During the last two years I have continually tried to get information about German war industries. I have reliable information about Munich and its surroundings. I think my information might be valuable for the R.A.F. because during the air attacks on Munich last August and September and again on the 8th of November not a single military object was hit. I have learned since that there were reports outside Germany that the attack was intended for the B.M.W.; if such a plan existed, it failed completely. The objectives hit included: the restaurant Baurngirgl; the residential section in the center of the town; the house of an iron monger, Dandl, whose house is opposite the Sterneckerbrau where the Nazi party had its first meeting place. If the Brau was the aim it was a close miss. In Munich several bombs fell in the Englisch Garten and the Bavaria Ring.

The most important places besides the B.M.W. (which seemed not to be camouflaged at all) are the big munitions factory in Wolfratshausen; the Linde Eis Maschinerie factory, Hoellriegelskreuth, both in Isartal south of Munich and the new factory at the Ostfriedhof and last but not least, the big munition[s] factory Friderick Deckel in Mittel Sendling.

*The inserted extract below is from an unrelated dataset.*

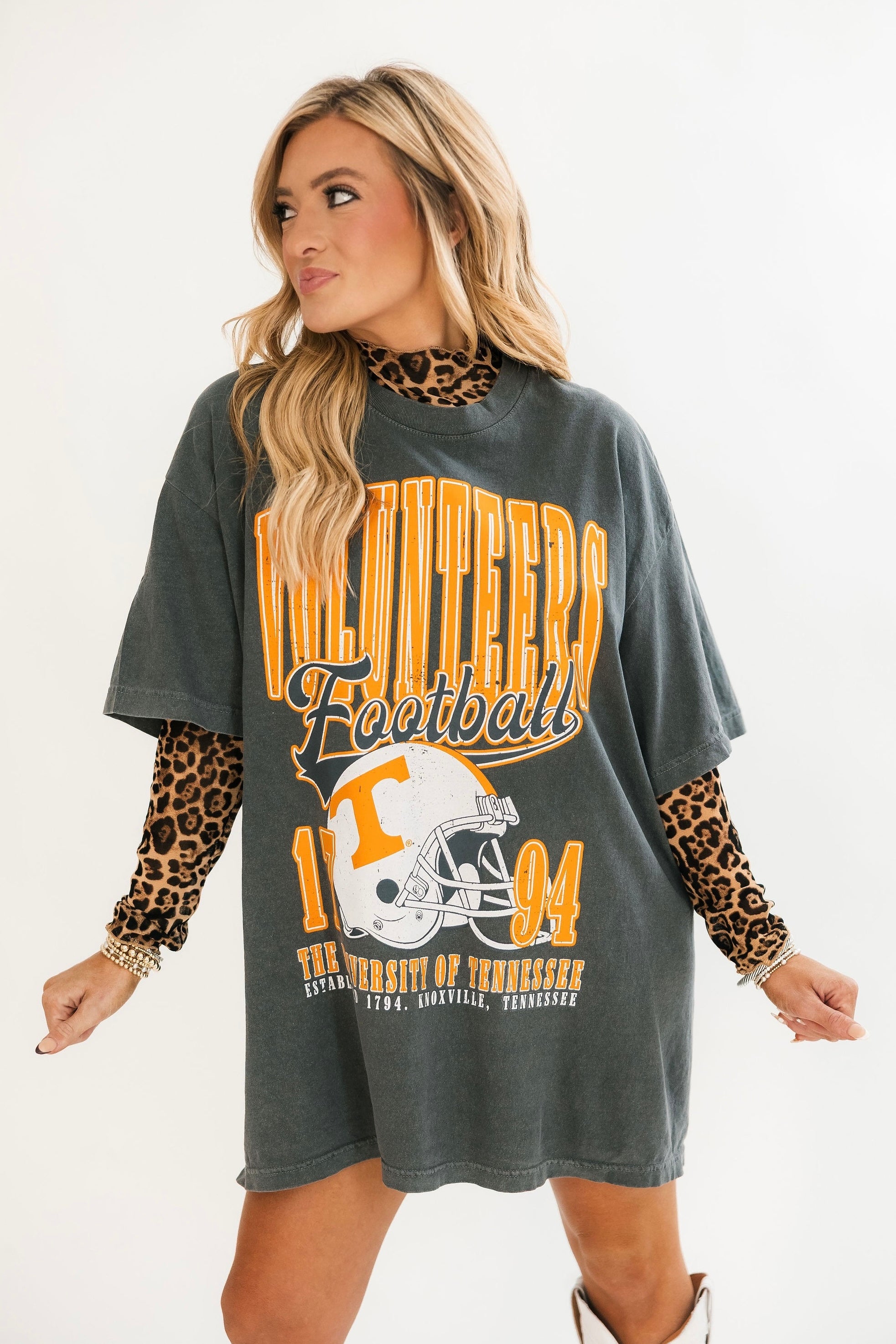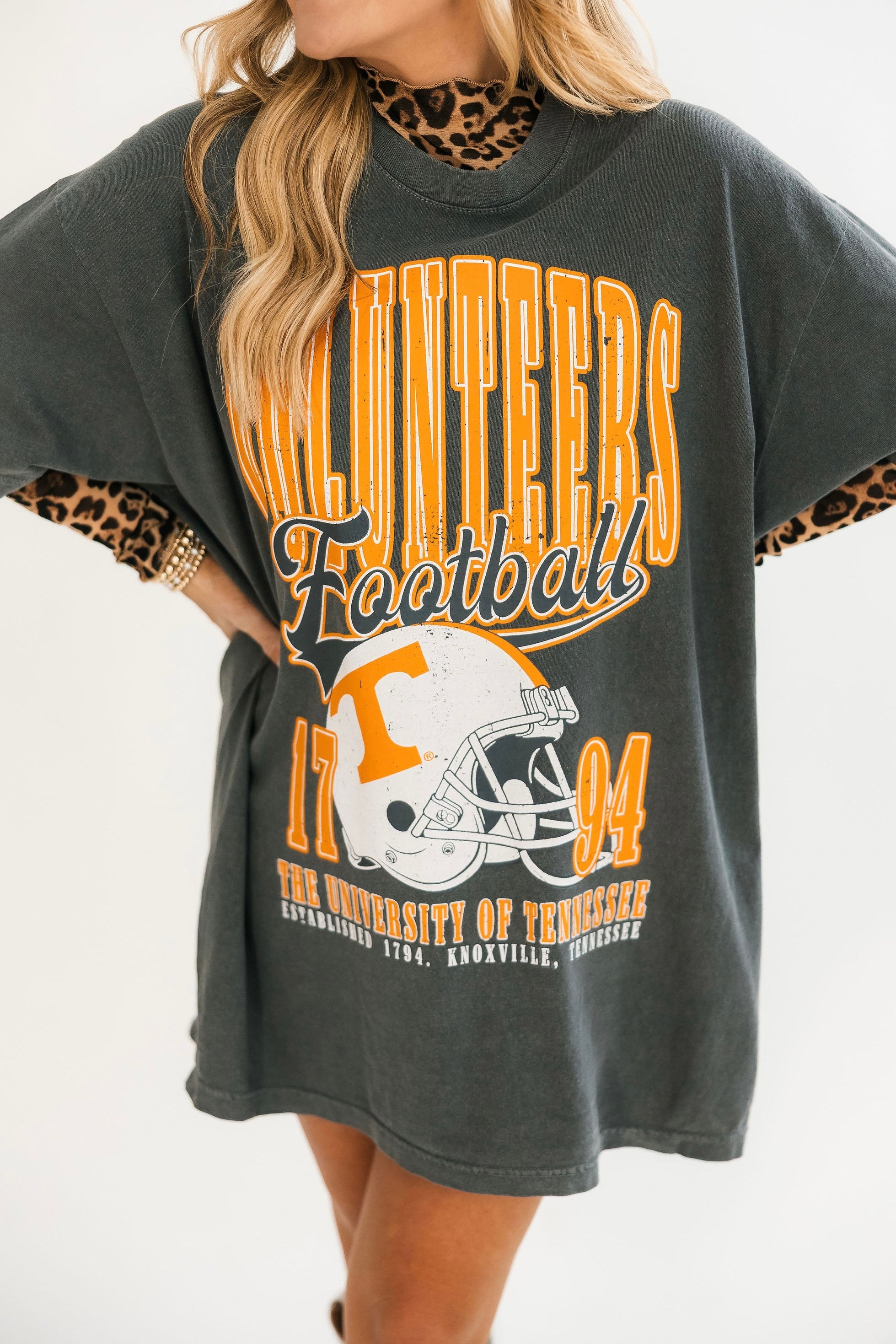 The Tennessee Volunteers Helmet Tee is a must-have for true fans. Featuring a relaxed fit, classic crewneck, and bold Tennessee football helmet graphic, this tee delivers both comfort and team pride. Perfect for tailgates, watch parties, or everyday wear, it’s the ultimate piece to rep your Vols spirit with ease. Lexi is wearing a S/M.

The factory in Mittel Sendling makes important parts of guns and cannons, mainly mechanical springs, etc.

The Wolfratshausen factory was built in 1935 and is completely underground. Only railroads and cranes are on the surface and they are well hidden between the high trees of the surrounding woods. Workmen working there are mostly convicts released from the penitentiary after having served part of their sentence and being bound over for the rest. They are living on the premises which are surrounded by barbed wire fences. The factory which is said to be the biggest in south Germany is situated between the River Isal and Loisach. It is forbidden to land there when rowing on the river. I did it all the same.